Учитывая, что на мои немые протесты не было ответа, пришлось начинать действовать. Было жутко думать о своей возможной смерти, но я научилась создавать морок и под видом своей матери забрала документы из школы и поликлиники. Затем меня ждало самое тяжёлое и неприятное – стереть моим близким память обо мне. Потом, собрав в сумку вещи, необходимые в пути, я поехала на вокзал и купила билет на поезд в Казань.
Как только я сошла с поезда, мой Зверь, доселе смирно сидевший в подсознании, зарычал от нетерпения – охота началась. Его чувства заполонили моё сознание, но я не стала этому препятствовать – наоборот, я решила стать Зверем, забыть о страхе и предаться охоте. Я ощущала нетерпение хищника, почуявшего своего противника, азарт от предстоящей схватки. Накинув на себя морок, я побежала по улице в известном мне направлении. В этот момент я настолько слилась со своим Зверем, что я мыслила не словами – инстинктами – и вряд ли смогла бы заговорить по-человечески, если бы кому-нибудь в голову взбрело поговорить со мной. Мне даже казалось, что в отражениях витрин, автомобильных зеркал, случайных луж я вижу не только себя, но и бегущую рядом со мной белую волчицу…

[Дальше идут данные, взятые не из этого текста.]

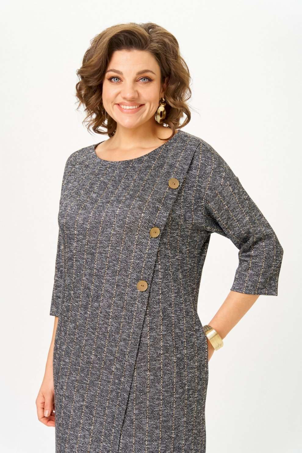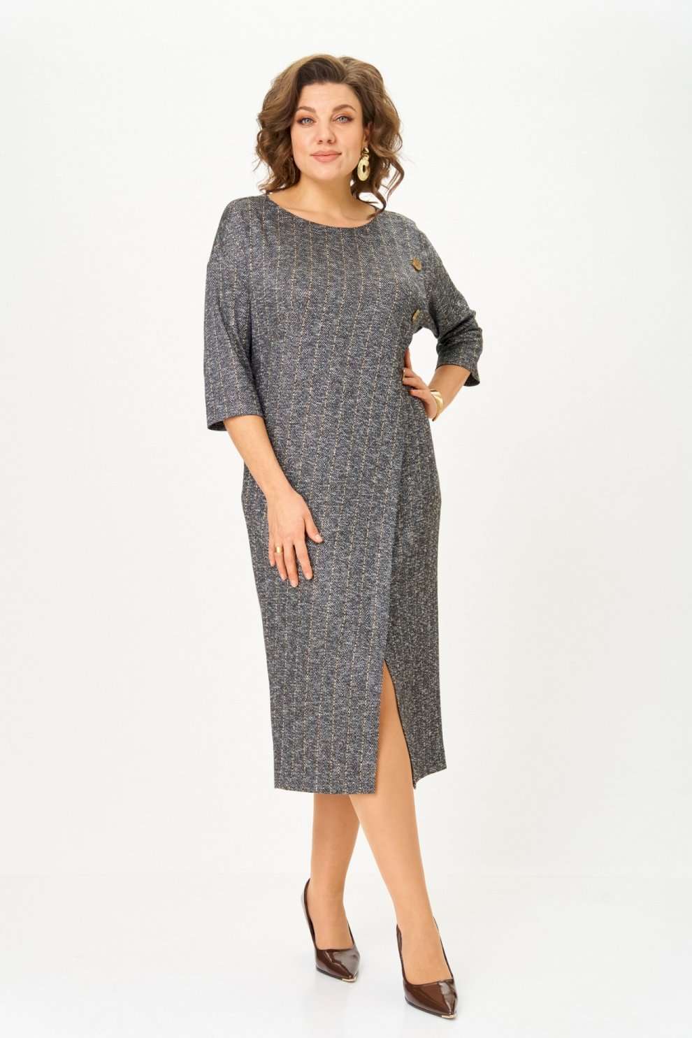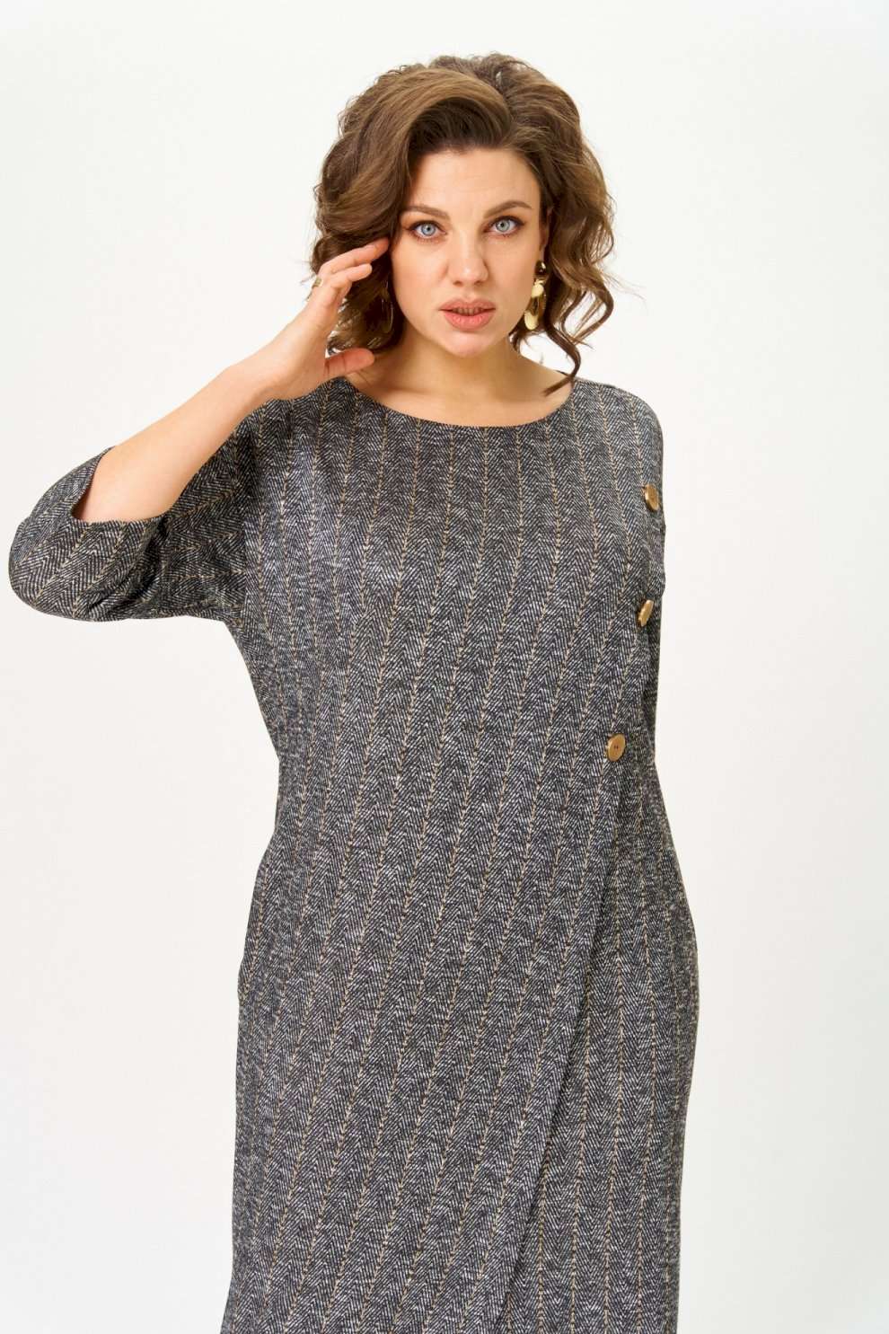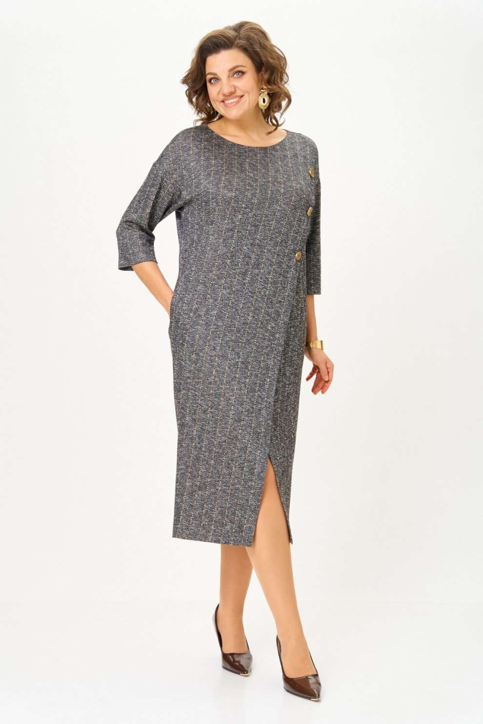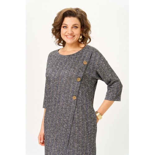 Это платье создано для женщины, которая выбирает уверенность, комфорт и безупречный вкус. Трикотаж с мелким узором мягко держит форму, не подчеркивая лишнего и создавая элегантный силуэт. А имитация асимметричной застёжки с декоративными пуговицами добавляет изюминку и визуально вытягивает фигуру. Платье идеально садится на любую фигуру. Декоративные пуговицы создают акцент и утонченность без лишнего блеска. Трикотаж средней плотности — не мнётся, комфортен, приятен к телу. Подходит для офиса, прогулок и особых случаев — всё зависит от настроения и аксессуаров. Лёгкий разрез спереди добавляет женственности и свободы движения. Длина платья по спинке 115 см +\\- 1 см, длина рукава 50 см +\\-1 см. Изделие подойдет на рост 170 см

Когда я добралась до дома, у входа в подъезд я увидела поля оранжевого цвета. Это были сигнальные поля, которые ни в коем случае нельзя было задевать. Я села на скамейку – Зверь был терпелив и умел сидеть в засаде.
Но вот я увидела, что колдунья идёт к себе в дом. Она заметила меня и напала первой. Я увернулась и, почуяв своего врага, кажется, даже зарычала по-звериному. Схватка началась. У колдуньи был опыт, для меня же это была первая охота, но на моей стороне были нечеловеческая реакция и обострённые инстинкты моего Зверя. От удивления женщина даже оторопела – она не ожидала от неопытного охотника такой прыти. Впрочем, не настолько надолго.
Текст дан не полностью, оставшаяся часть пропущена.